Limitations & Future Work

  • Strong theoretical assumptions: The framework assumes LLM sampling follows a Bernoulli distribution and that sampled paths are mutually distinct, which may not strictly hold in practice.
  • Limited ceiling as a post-hoc method: Since RPC does not modify model training, performance gains are bounded by the quality of the sampled reasoning paths.
  • Only two representative methods analyzed: The theoretical framework has the potential to analyze additional methods (e.g., MCTS, reward model scoring), but this is not explored in the paper.
  • Sampling strategy not investigated: Theory suggests that diversity in sampling is important, but the paper does not explore how to design better sampling strategies.
  • Applicability of Weibull mixture: Assuming two Weibull distributions for all problems may be an oversimplification.
  • vs. SC (Wang et al., 2022): This paper theoretically demonstrates that SC's estimation error converges only linearly; RPC elevates this to exponential convergence via probability weighting.
  • vs. CISC (Taubenfeld et al., 2025): CISC also explores the combination of confidence and self-consistency, but this paper provides a more complete theoretical framework with explicit error decomposition.
  • vs. ESC (Li et al., 2024): ESC reduces SC cost via early stopping; RPC improves efficiency through the estimation method itself. The two approaches are complementary and can be combined.
  • vs. TTSC (Huang et al., 2025): TTSC performs self-calibration, consistent with the core ideas of this paper, but this paper provides a theoretical explanation.

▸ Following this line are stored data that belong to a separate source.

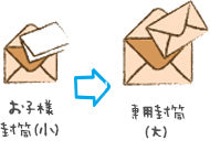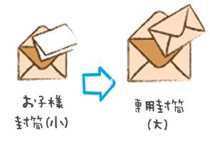 お子様宛の封筒(小)にお手紙を入れ、専用封筒(大)に入れ、所定の欄をご記入ください。
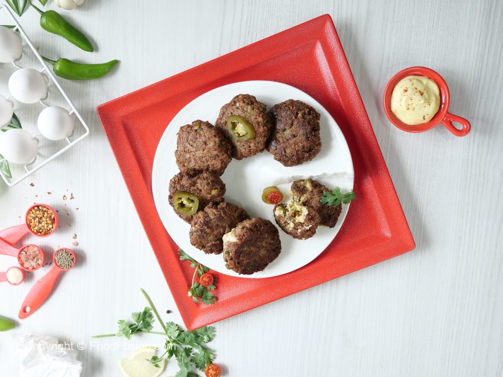 -Take small quantity of mixture (60g) & spread it on your palm,place cheese jalapeno patty & cover properly to make kabab of equal sizes.
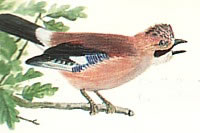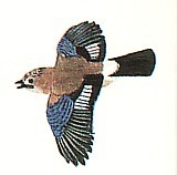 - Garrulus glandarius - Hester Familje Ravenvagels - Corvidae Ünnerfamilje Sperlingsvagels Heurt to de Singvagels - oscines 34 cm lang is he, woll duvengroot. |
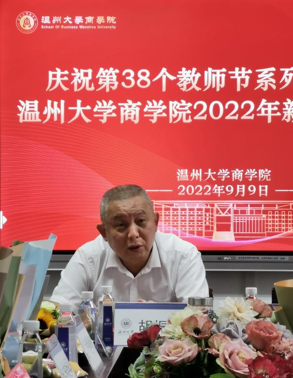 黄剑老师作为新教师代表在会上发言,他回顾了自己是如何转型教师行业的,对比了商业和教育两段职业生涯经历,他表示商业比教育更艰难,但是他更愿意在教育这条道路上不断投入时间和精力,潜心治学。对于此次加入温州大学商学院,他赋诗一首《鹧鸪天·赴温州任教》:驱车千里赴温州,旧时外贸曾访游,民营经济作支柱,共同富裕庆丰收入。瓯江水,雁荡秀,大浪淘沙数风流,今朝重返东海畔,心无旁骛唯潜修。
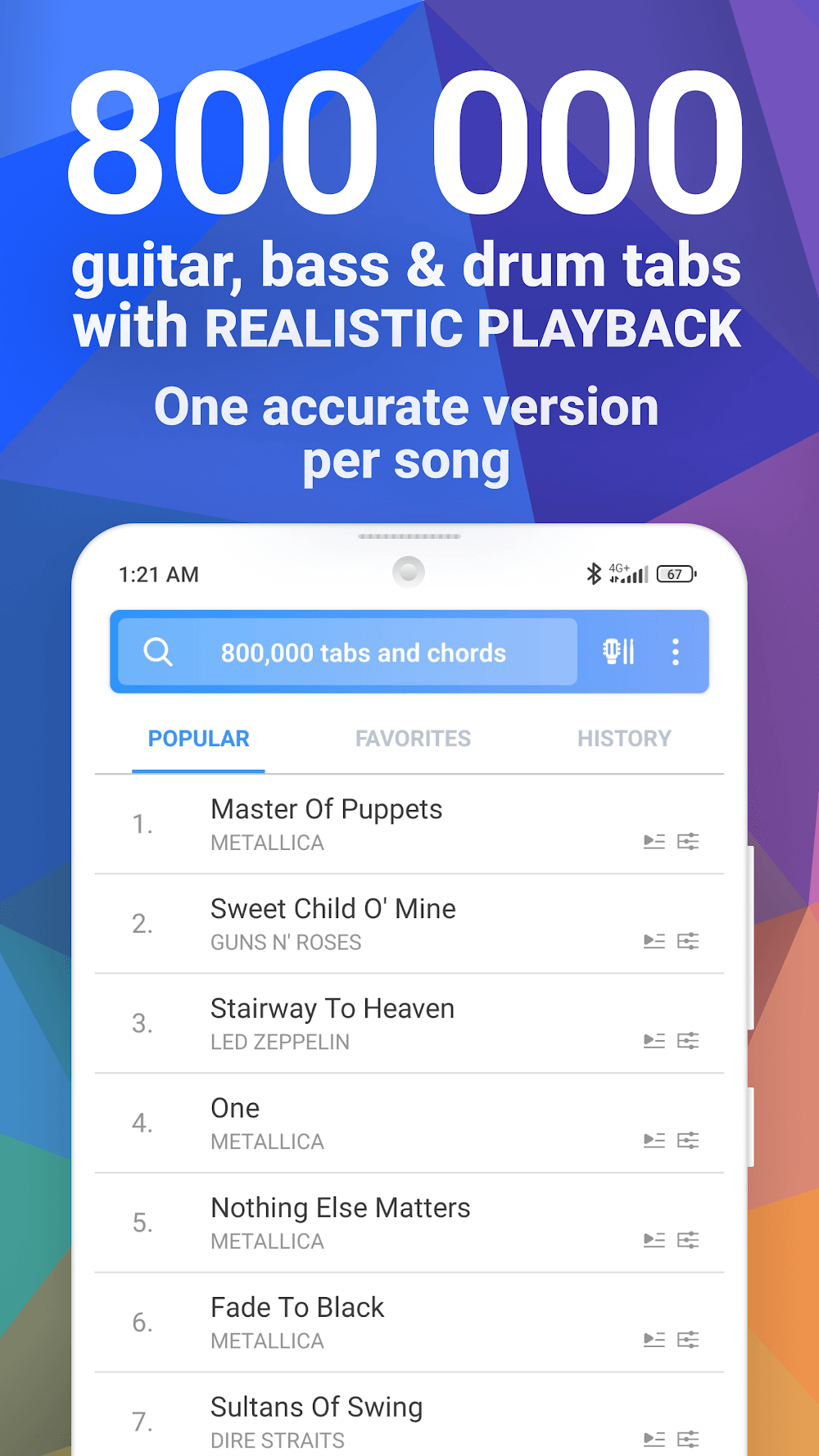 Songsterr Guitar Tabs & Chords is an application that brings you many interesting lessons through available guitar teaching videos. With a diverse and attractive music treasure trove along with many talented artists, you can learn guitar every day in your own way. If you are in need of self-learning to sing and play at home, try this application and explore the smart features it provides to learn more useful lessons, helping you improve your playing skills.HUGE CATALOG OF TABSIf you want to practice playing the piano and have a passion for music, this is a useful application that can meet all your requirements. Most people save money by learning the piano at home and working harder through online teaching videos. As long as you are excited and interested, this application will be the right choice for you. In addition, you will also be able to comfortably experience a vibrant music space.Over 800,000 guitar, bass, and drum tabs & chords: The application provides users with many chords of many different types of guitars, creating opportunities for users to learn online.Tabs for all your favorite songs and artists: Here, you will discover and meet many famous artists. Choose your favorite songs to create your own collec

The error decomposition framework can be transferred to test-time scaling analysis in multimodal reasoning. The probability-weighted consistency idea in PC can be extended to reward model scoring scenarios—substituting reward scores for LLM internal probabilities. The Weibull mixture modeling approach in RP can be applied to other settings that require distinguishing high- from low-quality samples.

Rating

  • Novelty: ⭐⭐⭐⭐ First theoretical framework for sampling-based test-time scaling; method design is theory-driven.
  • Experimental Thoroughness: ⭐⭐⭐⭐⭐ 7 datasets, multiple model scales/architectures, extensive ablations, and compatibility tests with advanced methods.
  • Writing Quality: ⭐⭐⭐⭐⭐ Theoretical derivations are clear; proposition–theorem–remark structure is rigorous; experimental presentation is well-organized.
  • Value: ⭐⭐⭐⭐ Theoretical analysis provides a valuable cognitive framework for the field; RPC is simple, effective, and directly applicable.